Sellers of Western luxury brands eager to capitalize on the new wealth of Chinese consumers are showering attention on mainland students in the United States, even as sales in China falter.
The strategy is paying off for some. The Los Angeles Beverly Center mall, which sends buses to pick up Chinese families at the University of California at Los Angeles and the University of Southern California at the beginning of the year when parents drop off their children and at graduation.
“We aren’t just dabbling here,” said Susan Vance, the Beverly Center marketing and sponsorship director. The mall sponsors Chinese student groups with about 45,000 members in what she called one of its most successful marketing plans.
Chinese shoppers account for 31 percent of the $273 billion global personal-luxury goods market, according to Bain and Co., a global management consulting firm, and the United States is the biggest market outside of Asia.
As economic growth in China has slowed and as Beijing’s anti-corruption drive cuts into sales of high-end goods there, makers of luxury brands are trying to tap this key Chinese customer base when they reach U.S. shores.

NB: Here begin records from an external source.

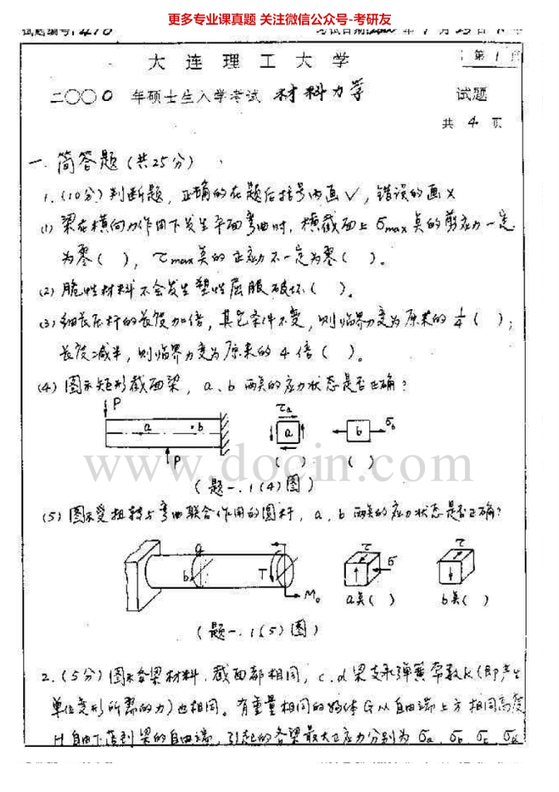大连理工大学材料力学历年真题1999-2005、2010、2012考研真题汇编.Image.Marked猴哥6个月前发布关注私信9.36MB33页09632大连理工大学材料力学历年真题1999-2005、2010、2012考研真题汇编.Image.Marked此内容为免费资源,请登录后查看¥0 登录查看免费资源 第1页 / 共33页 第2页 / 共33页 第3页 / 共33页 第4页 / 共33页 第5页 / 共33页 该文档为免费文档,您可直接下载完整版进行阅读 © 版权声明文章版权归作者所有,未经允许请勿转载。THE END考研专业课 喜欢就支持一下吧点赞32赞赏 分享QQ空间微博QQ好友海报分享复制链接收藏
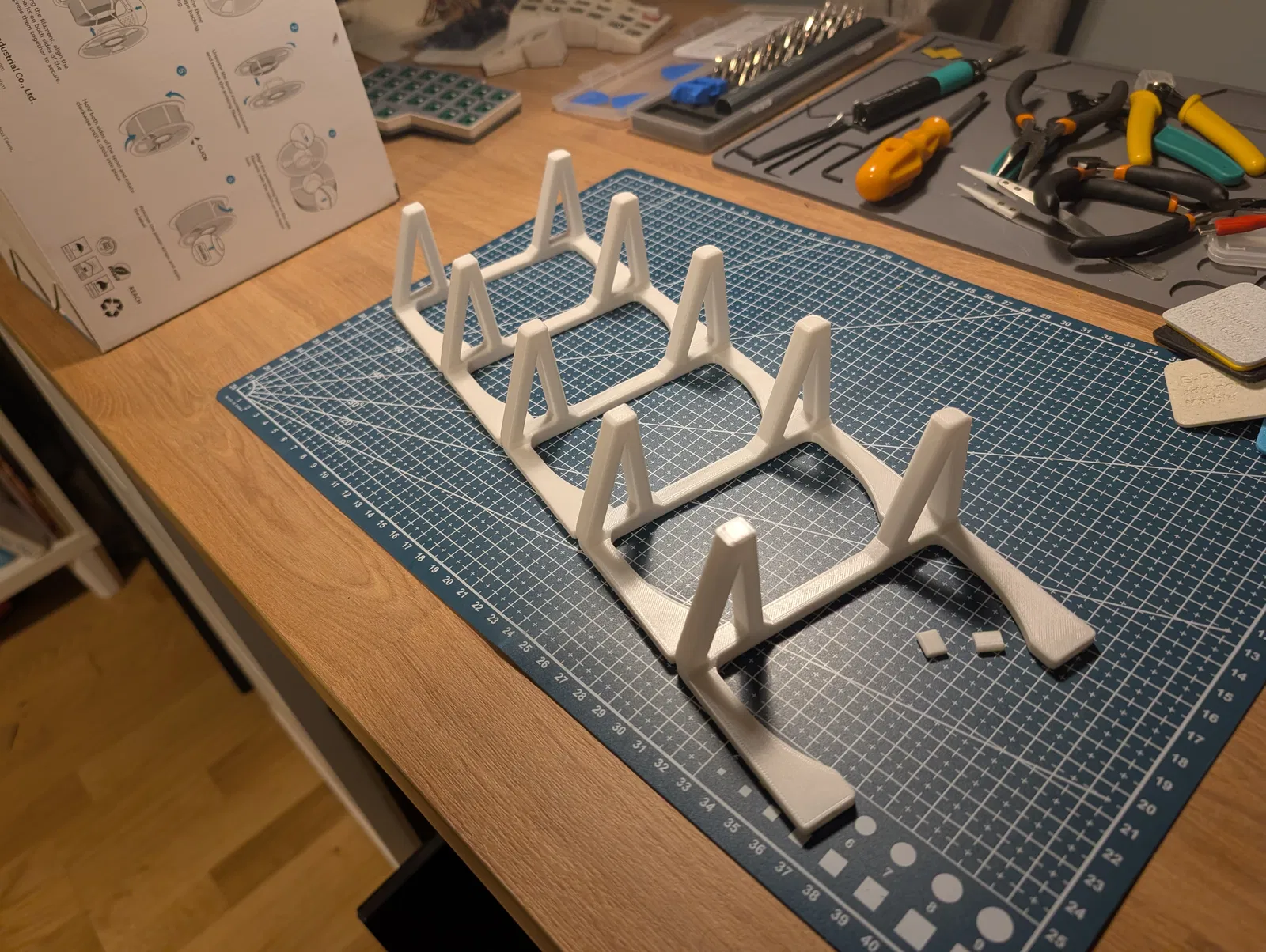 Mẫu này cũng tương tự như nhiều thiết kế khác nên không có gì quá đặc biệt. Mình chỉ muốn thử sức tự thiết kế và làm quen với các lệnh bo góc (fillets) và vát cạnh (chamfers). Mình đã chú ý bo tròn các góc nằm ngang so với bàn in và vát cạnh theo chiều ngược lại để giúp việc in ấn dễ dàng hơn.
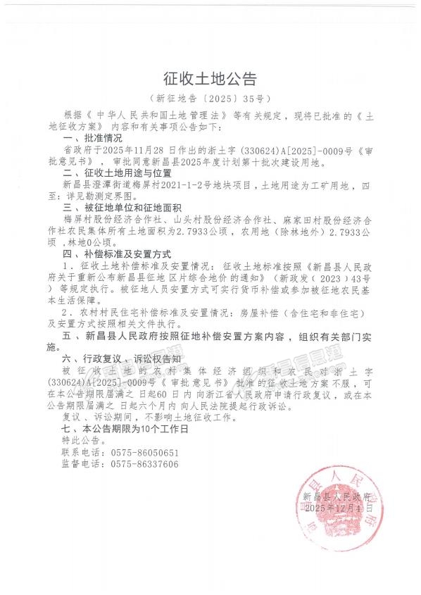 征收土地公告(新昌县澄潭街道梅屏村2021-1-2号地块) 来源:新昌县自然资源和规划局

Students are snapping up Louis Vuitton and Gucci handbags, Tory Burch shoes, as well as fashions from Fendi, Alexander McQueen, Bottega Veneta, and Yves Saint Laurent, among others, according to recent interviews with student shoppers in New York.
It is not clear how much of overall luxury sales can be attributed to students. Some 29 percent of high net-worth parents in China choose U.S. institutions, according to the Hurun Report, which publishes an annual list of China's richest people.